Engineers use Claude Code for rapid prototyping by enabling "auto-accept mode" (shift+tab) and setting up autonomous loops in which Claude writes code, runs tests, and iterates continuously.

The tool rapidly prototypes features and iterates on ideas without getting bogged down in implementation details

godelski a day ago | parent [-]

Don't cherry-pick, act in good faith. I know you can also read the top comment I suggested.

I know it's a long article and the top comment is hard to find, so allow me to help

  > Treat it like a slot machine
  >
  > Save your state before letting Claude work, let it run for 30 minutes, then either accept the result or start fresh rather than trying to wrestle with corrections. ***Starting over often has a higher success rate than trying to fix Claude's mistakes.***
*YOU* might be able to iterate well with Claude but I really don't think a slot machine is consistent with the type of iteration we're discussing here. You can figure out what things mean in context or you can keep intentionally misinterpreting.

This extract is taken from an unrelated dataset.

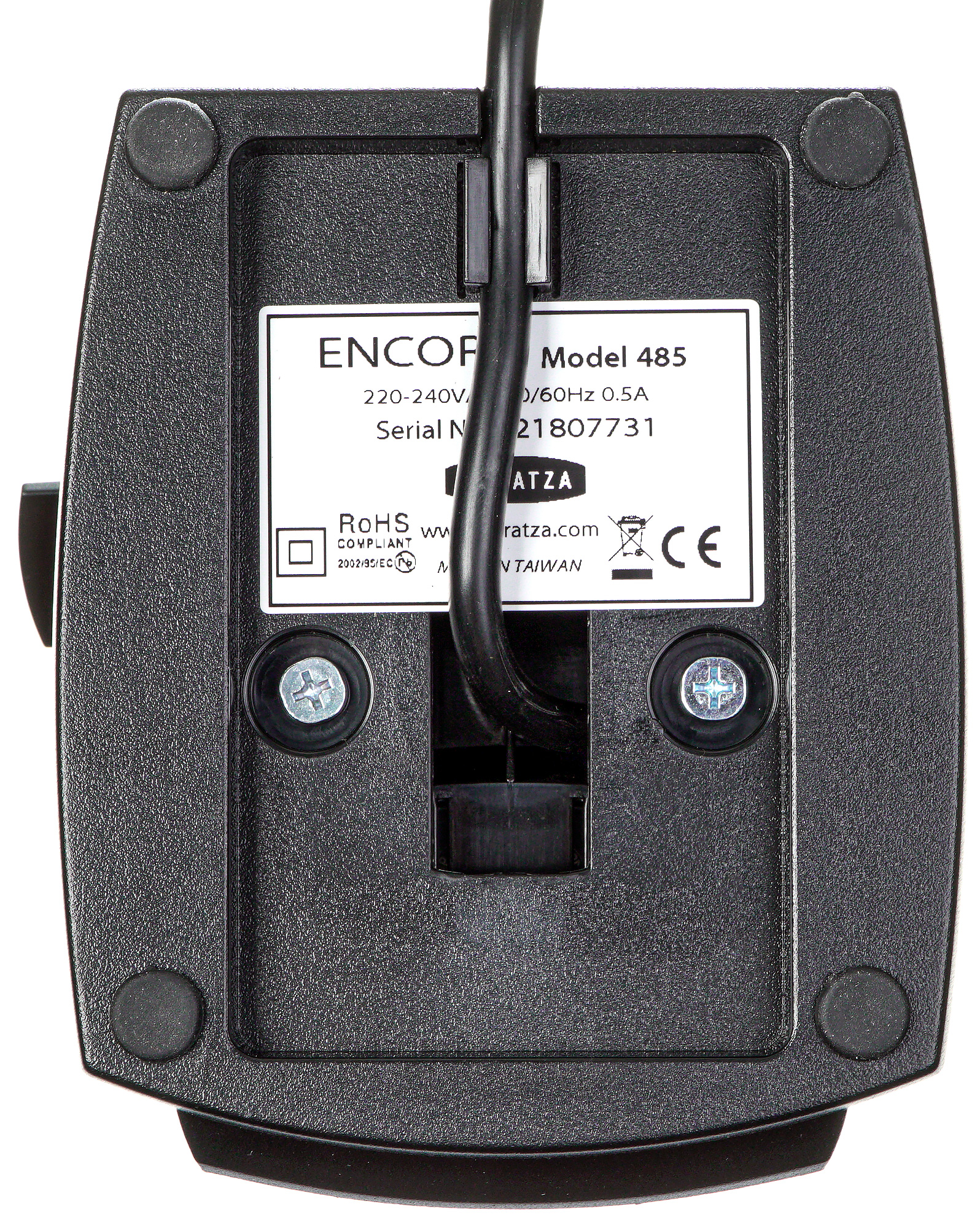 С нижней стороны можно увидеть наклейку с серийным номером, резиновые ножки, препятствующие скольжению, и устройство для фиксации шнура электропитания.

At least the LLM isn't intentionally misinterpreting
nojito a day ago | parent [-]

That’s actually an old workflow. Nowadays you spin up a thin container and let it go wild. If it messes up you simply just destroy the container, undo the git history and try again.

Takes no time at all.

tayo42 2 days ago | parent | prev [-]

Llms only work in one direction, they produce the next token only. It can't go back and edit. They would need to be able to back track and edit in place somehow

thunky 2 days ago | parent | next [-]

Loops.

Plus, the entire session/task history goes into every LLM prompt, not just the last message. So for every turn of the loop the LLM has the entire context with everything that previously happened in it, along with added "memories" and instructions.

DANmode 2 days ago | parent | prev [-]

"Somehow", like caching multiple layers of context, like all the free tools are now doing?

tayo42 2 days ago | parent [-]

That's different then seeing if it's current output made a mistake or not. It's not editing in place. Your just rolling the dice again with a different prompt

thunky 2 days ago | parent [-]

No, the session history is all in the prompt, including the LLM's previous responses.

tayo42 2 days ago | parent [-]

Appending more context to the existing prompt means it's a different prompt still... The text isn't the same

thunky 2 days ago | parent [-]

I'm not sure what your point is?

Think of it like an append only journal. To correct an entry you add a new one with the correction. The LLM sees the mistake and the correction. That's no worse then mutating the history.

tayo42 a day ago | parent [-]

thats not how it works.

You put in its context window some more information, then roll the dice again. And it produces text again token by token. Its still not planning ahead and its not looking back at what was just generated. There's no guarantee everything stays the same except the mistake. This is different then editing in place. you are rolling the dice again.

thunky a day ago | parent [-]

> its not looking back at what was just generated

It is, though. The LLM gets the full history in every prompt until you start a new session. That's why it gets slower as the conversation/context gets big.

The developer could choose to rewrite or edit the history before sending it back to the LLM but the user typically can't.

> There's no guarantee everything stays the same except the mistake

Sure, but there's no guarantee about anything it will generate. But that's a separate issue.